Here in the US, back in the fabled wild west, the solution was not to expect
the law to be upheld by grocers, blacksmiths, or bankers. The public hired
professionals. So, I reckon, maybe we need some laws to enforce.

------
onesmallcoin
We couldn't have started the discussion of systematic censorship in a better
way It's hard to come up with one rule that works for everyone It's normal to
have a knee jerk response to censor something if what your looking at is
terrible and you wouldn't want other people to see the bad thing, but it is
also important that we as a race try to learn from our mistakes; and
censorship straight to deletion is burning the evidence. This may fall short
of crazy talk around here: But maybe we need a human element in the curation
of our digital libary, and a way for society as a whole to have input on this
process, not just in removing the offending content; but also in keeping track
of it too help people to be accountable for their actions.
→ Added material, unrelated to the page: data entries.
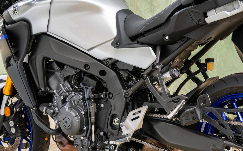 Новый Yamaha Tracer 9 GT основан на обновлённой платформе MT-09, как это было и раньше. Обе модели оснащены одним и тем же доработанным 890-кубовым мотором, у них обоих одинаковый выхлоп, рама с заниженной рулевой колонкой, обновлённые тормоза, облегчённые колёса, а проставки руля и крепления подножек регулируемые. Одно из двух важных отличий нового Tracer от MT - это маятник, который на 60мм длиннее. Он держит более мощный подрамник, благодаря которому увеличена грузоподъёмность мотоцикла для езды с пассажиром и багажом. Второе важное отличие - это подвески. На Tracer так же стоят компоненты KYB, но вместо ручных регулировок они оснащены электроникой, автоматически на ходу регулирующей сглаживание (сжатия и обоя вилки и только отбоя на заднем амортизаторе). Преднатяг пружин вилки настраивается ключом, а амортизатора - ручным регулятором.
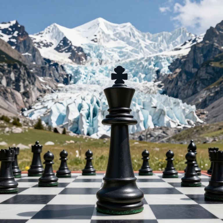 Life-sized chess pieces stand solemnly on a vast checkerboard, with a towering black king dominating the foreground as a massive glacier looms majestically in the background, framed by rugged mountain peaks and a serene meadow.
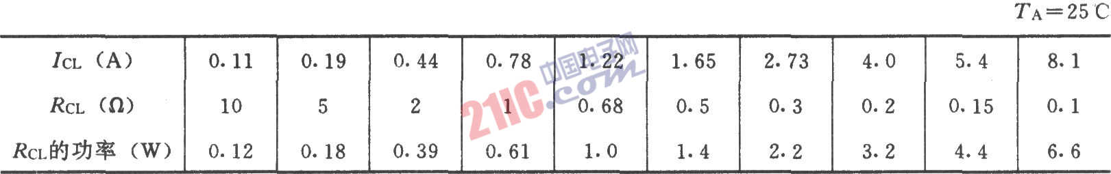 限流值ICL與限流電阻RCL的對應(yīng)關(guān)系:

Full Disclosure:
I'm also a resident of christchurch, new zealand where the mosque shooting
happened recently I saw our goverment block multiple websites via DNS, in a
country where this kind pf censorship is otherwise unheard of: We honestly
didn't know if the systems were in place for this kind of censorship. So my 2c
is that if you are in a five-eyes nation, they almost certainly have the
capacity to conduct this kind of attack.

------
rlt
Damned if they do, damned if they don't.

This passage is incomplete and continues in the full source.